INFORMATION PROVIDED =
───
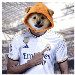 A Shiba Inu doge meme character wearing a Real Madrid jersey and orange hoodie, pointing to the club crest, symbolizing 'to the moon' crypto trend.
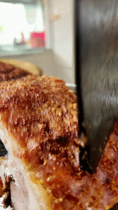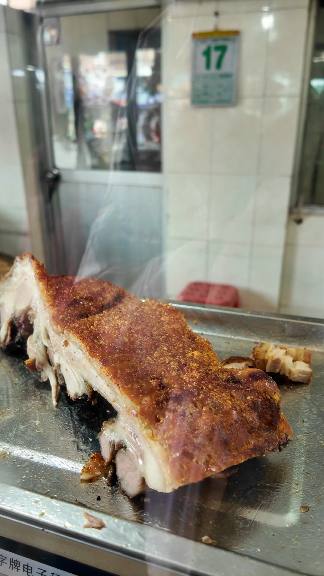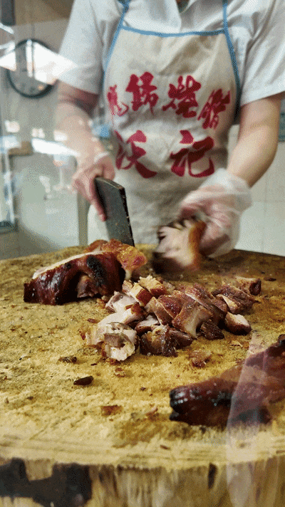 这诱人味道,全靠独特的烧制工艺:师傅会将猪皮刺穿,然后用木炭慢慢烧制,新鲜烧制出来的麻皮烧肉皮酥肉嫩,色泽诱人,光看着已经让人忍不住咽口水了!
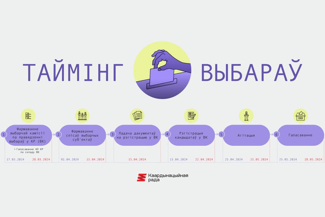 Агітацыя пройдзе з 25 красавіка па 25 траўня. На падачу і разгляд скаргаў закладзены перыяд з 29 траўня па 8 чэрвеня, у гэты ж дзень будуць абвешчаныя канчатковыя вынікі выбараў.
───
Would it be possible to give the material above again exactly, with the pictures left out?

 A Shiba Inu doge meme character wearing a Real Madrid jersey and orange hoodie, pointing to the club crest, symbolizing 'to the moon' crypto trend.
 这诱人味道,全靠独特的烧制工艺:师傅会将猪皮刺穿,然后用木炭慢慢烧制,新鲜烧制出来的麻皮烧肉皮酥肉嫩,色泽诱人,光看着已经让人忍不住咽口水了!
 Агітацыя пройдзе з 25 красавіка па 25 траўня. На падачу і разгляд скаргаў закладзены перыяд з 29 траўня па 8 чэрвеня, у гэты ж дзень будуць абвешчаныя канчатковыя вынікі выбараў.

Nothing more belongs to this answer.